Модельное агентство «Прима» арендовало второй этаж вытянутого по фасаду двухэтажного строения, первый этаж которого занимал развлекательный центр с ночным клубом и бильярдным залом на четыре стола. Представленный «госпоже Глушко», которая, судя по всему, не доверяла кому бы то ни было подбор кадров, Голованов вдруг подумал, о том, в какую копеечку может влететь аренда подобных площадей, и невольно прицокнул языком. Если развлекательный центр, не страдавший недостатком посетителей, еще мог позволить себе подобную роскошь, то заведение госпожи Глушко…
И этот факт также заставлял задуматься о том источнике денежных поступлений, которым располагала Валентина Ивановна. Впрочем, сейчас не об этом надо было думать.
Рекомендованный как «надежный профи, на которого можно положиться в самую трудную минуту», Голованов с интересом рассматривал художественно сделанные фотографии известнейших модельеров, которые украшали стены роскошного кабинета хозяйки модельного агентства, и ждал, когда она закончит чисто бабский треп по телефону. Впрочем, это могло быть ее тактическим ходом, когда она, как бы занятая разговором, присматривалась к очередной кандидатуре на реально оплачиваемую должность, делая при этом свои собственные выкладки. Однако, как бы там ни было, но надо было не ударить лицом в грязь и не переиграв при этом.
В своем рабочем полукресле сидела холеная и в то же время хваткая, со вкусом одетая блондинка неопределенного возраста и, словно кошка за мышкой, следила за каждым движением, за каждым шагом Голованова. И этот взгляд, почти впившийся в его спину, он чувствовал всей своей шкурой.
Наконец она закончила говорить по телефону, отложила мобильник на край стола и как-то пристально посмотрела на Голованова, кивнула ему на свободный стул.
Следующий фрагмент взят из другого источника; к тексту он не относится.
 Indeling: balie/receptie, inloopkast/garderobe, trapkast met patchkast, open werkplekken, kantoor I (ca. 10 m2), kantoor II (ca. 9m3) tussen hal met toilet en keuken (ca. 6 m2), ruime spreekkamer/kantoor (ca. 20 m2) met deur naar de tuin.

— Садитесь. Как говорят на Руси, в ногах правды нет.
Судя по всему, она уже вынесла для себя лично какое-то определение, и теперь настала очередь чисто формальной части беседы.
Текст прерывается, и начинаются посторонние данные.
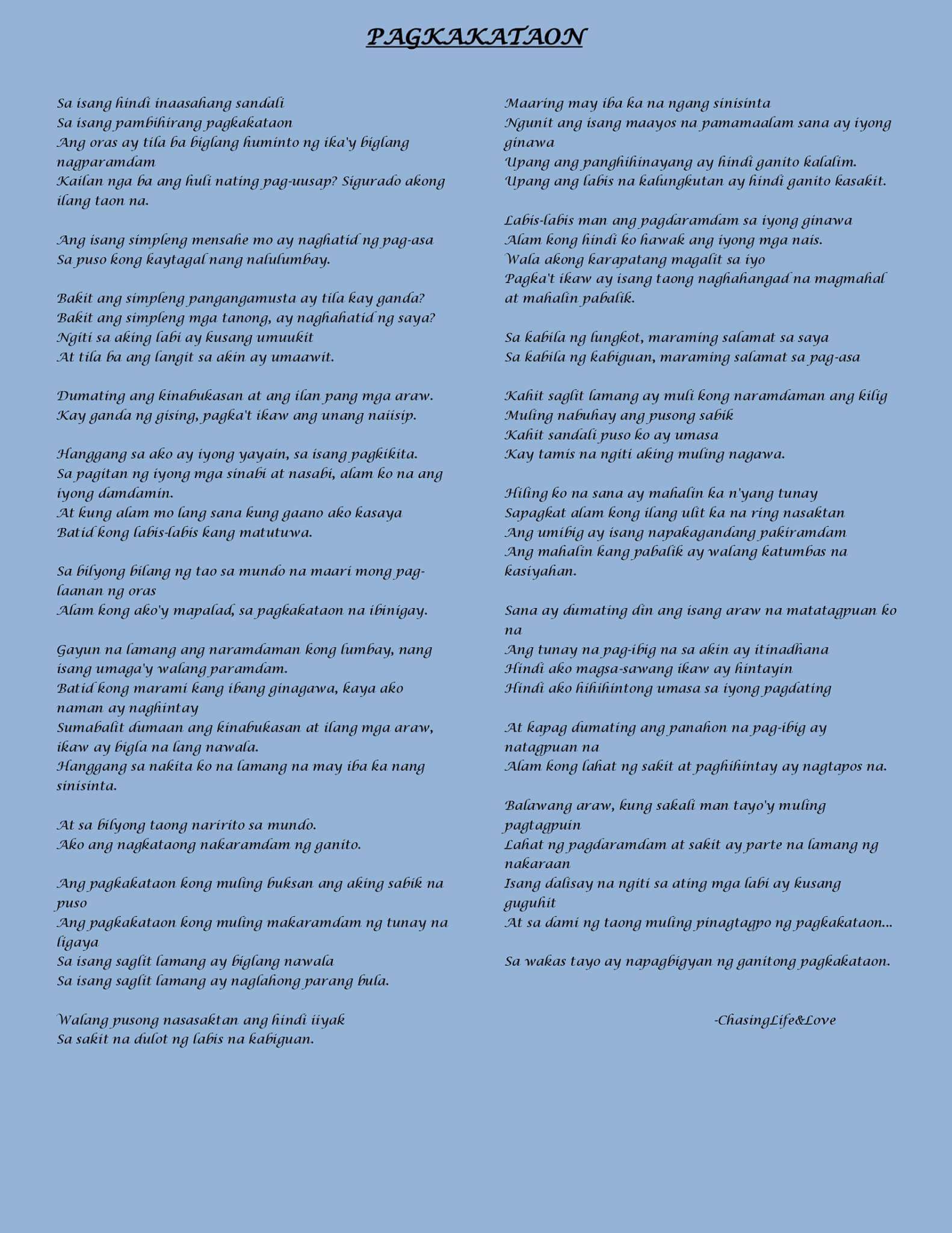 Kapayapaan ay kayganda Pag ang problemay naresolba Ngiti moy muling makikita At mundong itoy liligaya. February 18 2020 0154PM. Oh mahal kong nilalangit Nilalangaw pati puwit.

— Вы когда-нибудь работали до этого в модельных агентствах?
Голованов отрицательно качнул головой.
— Признаться, не приходилось.
— А в заведениях, где много красивых девушек и молодых красавцев?
— Вы имеете в виду ночные клубы?
— Ну-у, допустим.
Голованов пожал плечами.
— Да как вам сказать?.. Какое-то время мне пришлось жить в Париже, естественно, надо было как-то зарабатывать на жизнь, и вот там-то…
— Даже так?! — искренне удивилась хозяйка «Примы». — В самом Париже?
— Ну, я бы не сказал, что тот клуб находился на Монмартре, но то, что это был самый настоящий Париж, а не алжирский пригород, за это могу ручаться.
— Надо же! — хмыкнула хозяйка «Примы», для которой ночной Париж с его увеселительными заведениями, видимо, так и остался недосягаемой сказкой. И это тоже не мог не отметить Голованов. В ней еще не выветрился комплекс провинциалки, сумевшей завоевать Москву. Впрочем, мелькнула мысль, он мог и ошибаться.
— И что же вас заставило покинуть Париж?. — продолжала расспрашивать Глушко.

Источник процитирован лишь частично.